To elaborate a bit more on the use case I’m pursuing: I decided to give it a shot to a combination of filesystem logging + fluent bit as log shipping engine. The reason for that is twofold: • Trying to find a higher performance solution for a particular problem we have, which is the centralization of Windows Events in scenarios where the number of those to be processed is > 200EPS. • Commonly, our deployment scenarios combine the need to collect data from the results of osquery queries plus the contents of some additional log files (e.g., ISS or Apache, etc.).
s
My gut sense is that writing 200EPS to disk and having osquery juggle log files is going to be worse than finding a way to stream it off the machine. On unix, remote syslog would be common. I’m not sure what options for windows are.
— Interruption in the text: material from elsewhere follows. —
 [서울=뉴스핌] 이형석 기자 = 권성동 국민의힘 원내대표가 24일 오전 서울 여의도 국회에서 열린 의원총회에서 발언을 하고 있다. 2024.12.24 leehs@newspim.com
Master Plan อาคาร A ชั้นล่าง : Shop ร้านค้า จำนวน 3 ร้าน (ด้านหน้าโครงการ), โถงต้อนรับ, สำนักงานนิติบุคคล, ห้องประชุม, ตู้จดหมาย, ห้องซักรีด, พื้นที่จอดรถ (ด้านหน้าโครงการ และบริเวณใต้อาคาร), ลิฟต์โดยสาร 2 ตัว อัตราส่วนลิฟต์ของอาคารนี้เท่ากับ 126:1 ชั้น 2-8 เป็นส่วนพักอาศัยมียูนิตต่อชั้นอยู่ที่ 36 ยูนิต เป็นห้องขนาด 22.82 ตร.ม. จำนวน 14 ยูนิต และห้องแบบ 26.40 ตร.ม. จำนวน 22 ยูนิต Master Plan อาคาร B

I could brainstorm, but I haven’t done that work. I suspect what you’re describing would work, though I’m not quite sure how the intersection of osquery’s log rotation and fluent bit intersect. I’d expect fluent to have some reasonable guides about this
f
My interpretation of the events ‘loss’ issue was that, once I reach the configured log rotation limits -say, 5 files, 25MiB each-, I see something like
osqueryd.results.log
,
losqueryd.results.log.[1..4]
and the respective
.zst
files. Then, I stop seeing any new events flowing to the central collection platform.
s
I would not expect that behavior. I would expect a log file to be deleted, and the rest rotated up.
f
I considered fluent-bit not being able to detect the rotation in the log files for some reason (indexes not updated properly, or something like that), but since I don’t see any changes in the file sizes I kind of stopped looking into that possibility).
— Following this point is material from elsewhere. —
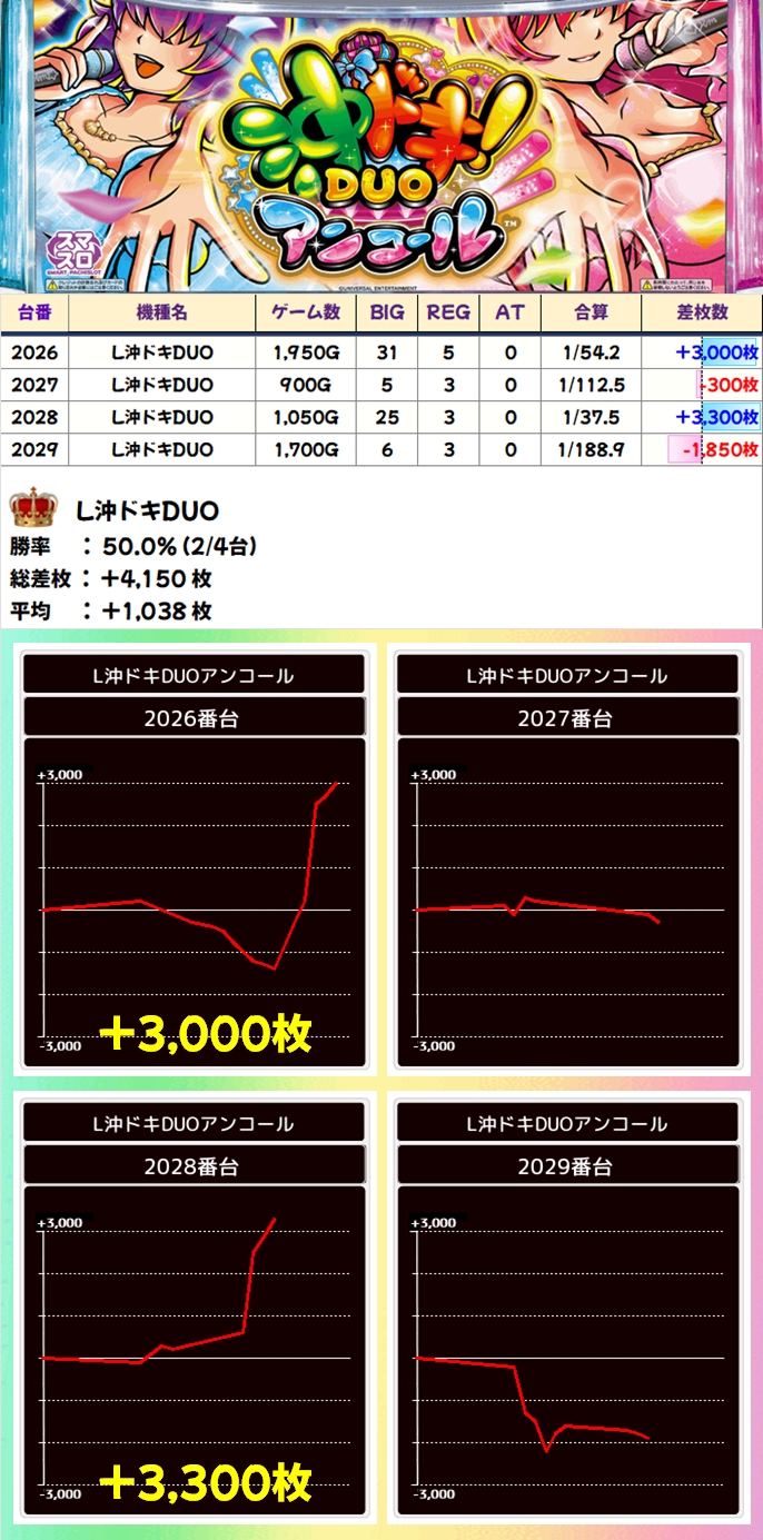 【1/2系濃厚】L沖ドキDUO(2/4台+)→平均+1,038枚

In any case, and as per your comments, it seems that my initial thinking of osquery actually taking care of rotating files and purging older events automatically without losses in newer events should be the expected behavior. I’ll give it a couple of tries to see if I can get some extra details.
Hi all. For what is worth, I continued with some tests and verified that the rotation is working perfectly. The issue I was experiencing was related to an erroneous configuration of the fluentbit agent.